Privacy requirements for eGaming operators in Germany

Germany has one of the strictest privacy laws in Europe. This does not usually prevent eGaming operators collecting and using player data for the purpose of providing their services. This means collection of a player's name, address, email address, games played, billing details etc. is generally permitted provided they are deleted once no longer required. The rules for marketing emails are, however, subject to much stricter requirements.

As a general rule, marketing emails are only permitted after the recipient has given unambiguous consent to receiving them. In order for consent to be valid, the prospective recipient must be fully informed about the nature and quantities of emails which will be sent.

The position under German law is different to those in other EU countries. Whereas ticking a box on a website to indicate consent is sufficient in most EU jurisdictions, in Germany, a 'double opt-in' is required for consent to be enforceable. This means that after having received the initial opt-in, the provider must send out an (advert free) confirmation email to the user who must then indicate a second consent by clicking on a link in the email.

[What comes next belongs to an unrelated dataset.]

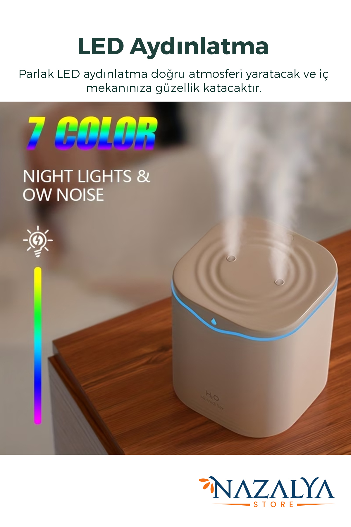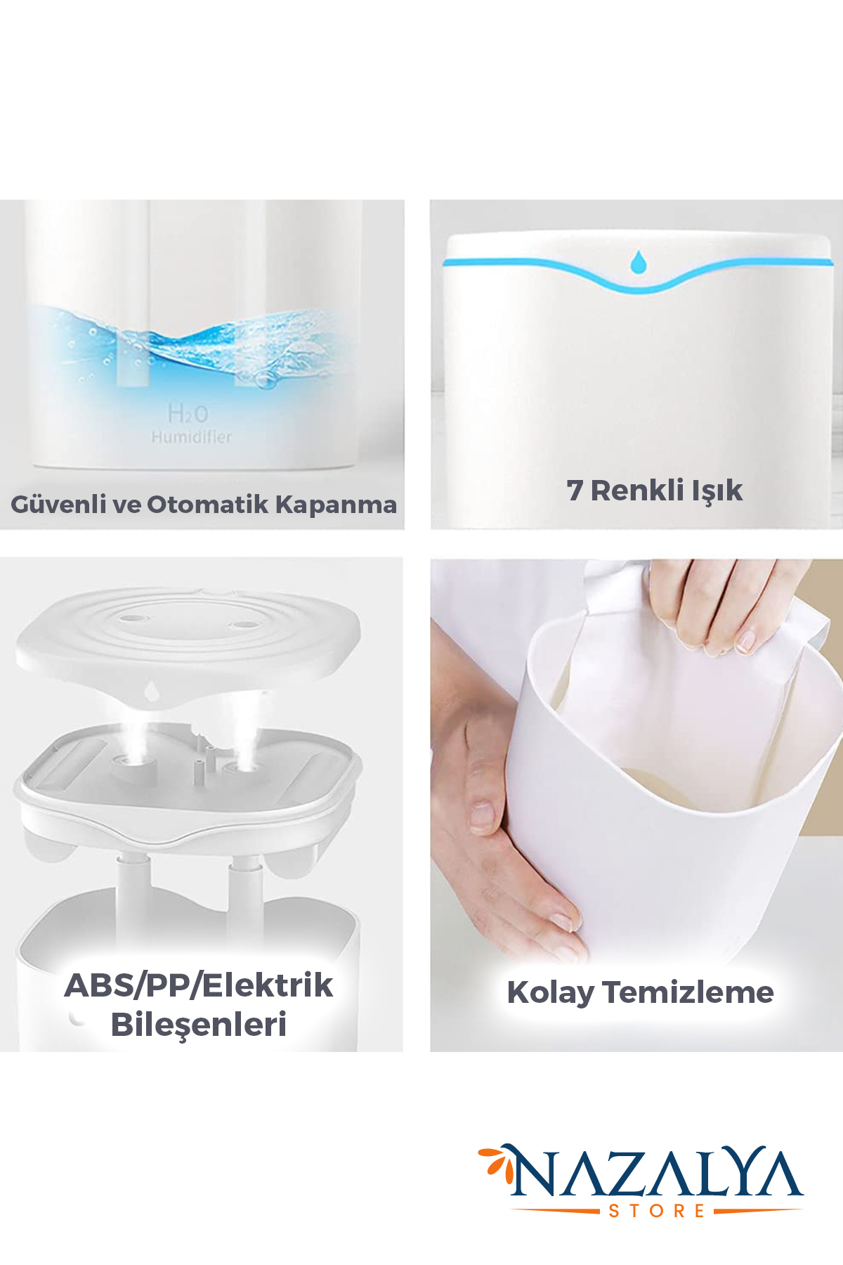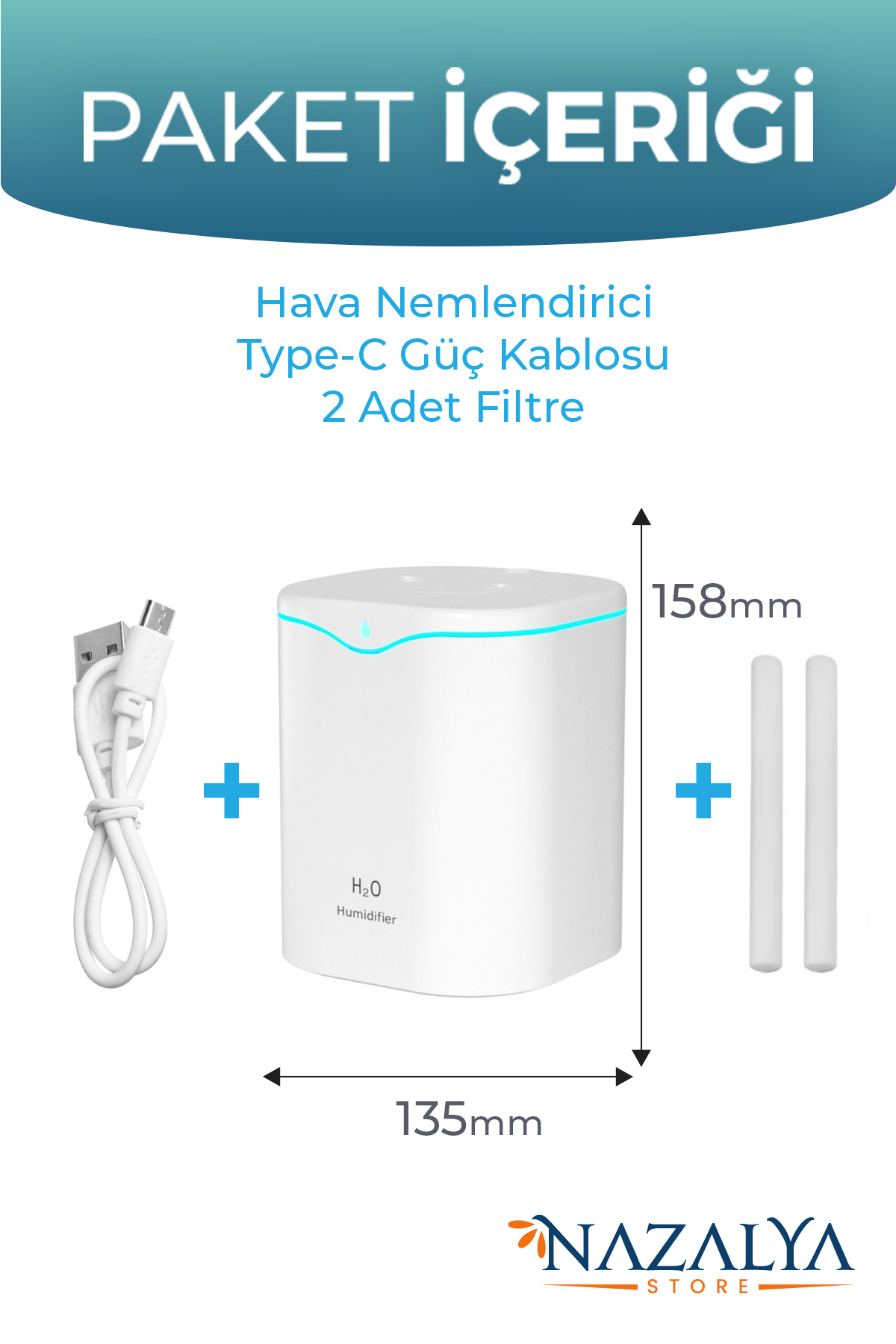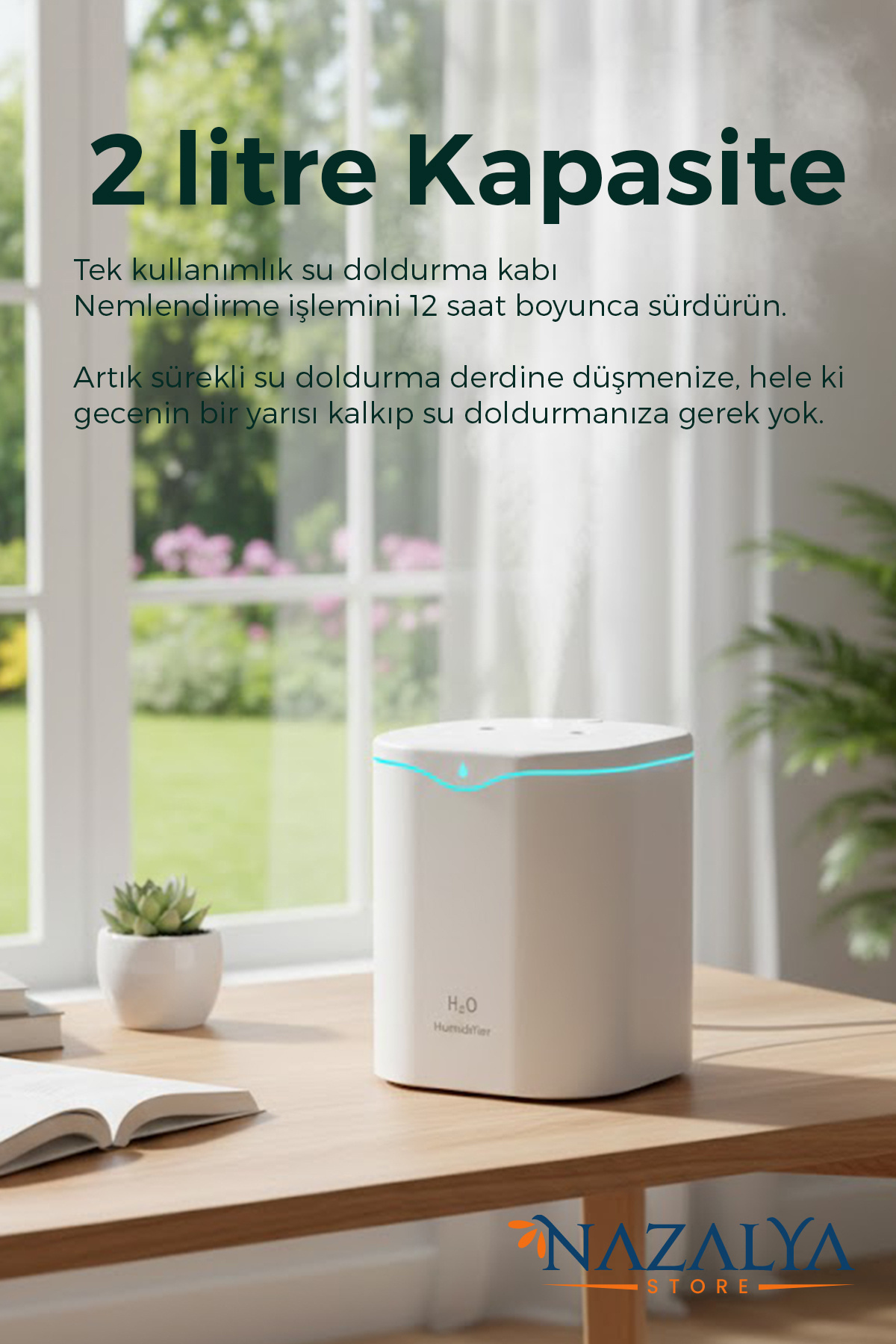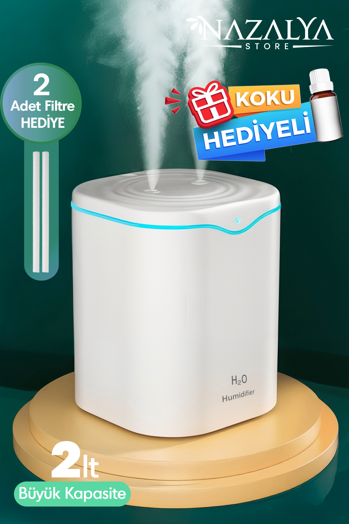 Nazalya Double Spray Ultrasonic Air Humidifier Steam Machine with 2 Liter Typ-c Inlet | ByTR

The only exception to this requirement is where there is already a contractual relationship between the eGaming operator and the user, in which case, it is sufficient to give the user prior notice that marketing emails will be sent, together with information about how to opt out.

Failure to comply with the requirements in relation to marketing emails is likely to breach both German data protection law and German unfair competition law and may result in action, not only by data protection authorities, but also by competitors of the eGaming operator and by consumer protection agencies.